Anna Sacoolas was named as a suspect in the fatal collision between Dunn’s motorbike and a car in Northamptonshire in August of this year. Originally, the chief constable in charge of the case had assured that Sacoolas had ‘engaged fully’ and ‘had no plans to leave the country in the near future’. However, the story has taken a sour turn after Sacoolas did, in fact, return to the US, despite her promises not to do so.
The main point of contention that surrounds the case is the US’s refusal to waive Sacoolas’s diplomatic immunity. This is the process which allows diplomats and their family members to be immune from prosecution in the country in which they are working. They can be forcibly expelled from the country but cannot be prosecuted, unless their home country opts to waive diplomatic immunity.
PM Boris Johnson and the Northamptonshire police have urged the Trump administration ‘in the strongest terms’ to consider waiving immunity, in order for them to proceed with the Dunn case. However, they have so far been refused. As long as the US continues to take this stance, the case will remain unresolved and Harry Dunn’s family and friends will not be able to obtain the closure they so desperately need.

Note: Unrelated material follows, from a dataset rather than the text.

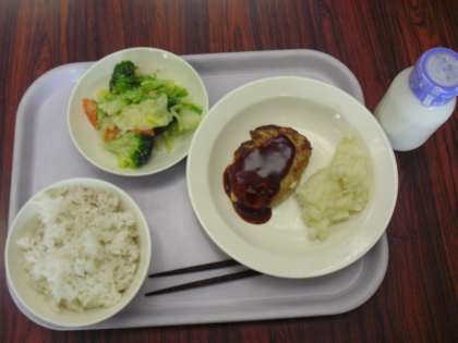 今日の献立は、ごま入りご飯、牛乳、豆腐入りハンバーグ、じゃが芋のクリーム煮、ブロッコリーサラダです。

As it stands, the outlook for the British side looks decidedly bleak. Hardly famed for his capacity to reason and negotiate; Donald Trump recently expressed his sympathies for Sacoolas – after all, who hasn’t found themselves accidentally driving on the wrong side of the road in the country they’ve lived and worked in for years.
“The woman was driving on the wrong side of the road, and that can happen. You know those are the opposite roads, that happens. I won’t say it ever happened to me, but it did”, Mr Trump said in a press conference on Wednesday.

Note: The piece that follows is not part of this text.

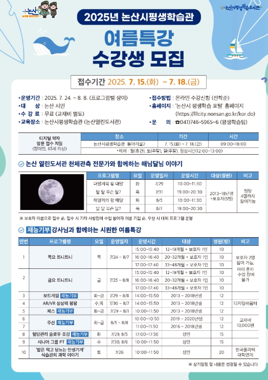 [뉴스다컴] 논산시가 오는 7월 15일부터 2025년 논산시평생학습관 여름특강과 ‘소중한사람들(장애인)’ 평생학습도시 운영 프로그램의 수강생을 모집한다.

If this compelling argument does not convince you that the US’s decision to protect Sacoolas is the right one, then perhaps appealing diplomatic immunity would. Historically, it is something that has very rarely been waived, amidst fears that to do so may carry much larger implications for foreign relations between countries.
Conversely, for a country not to waive immunity can be just as problematic. One famous example of this occurred in 1984, when a Metropolitan policewoman was fatally shot from the Libyan embassy. Following an 11-day lock-in, everyone in the building was released with their diplomatic immunity intact. The incident put a massive dent in US-Libyan relations from then onwards.
The case for upholding diplomatic immunity in any situation where criminal proceedings are held up – or, indeed, halted entirely – seems to have little going for it. Personally, I fail to see any case where the mere fact of being employed as a diplomat should exclude someone from receiving the same treatment as anyone else implicated in a crime. Last year, the Foreign Office expelled a diplomat accused of two rape offences after diplomatic immunity prevented them from being able to actually convict him.
Tragically, the current Dunn case is looking set to become another addition to the long list of instances where diplomatic immunity has prevented cases from being closed; much to the detriment of everyone involved on the side of the victim. It is my belief that the continued relevance of diplomatic immunity is questionable – particularly in (largely) clean court systems like ours here in the UK. Hopefully, the legacy of Harry Dunn might start moving more people towards the same feeling.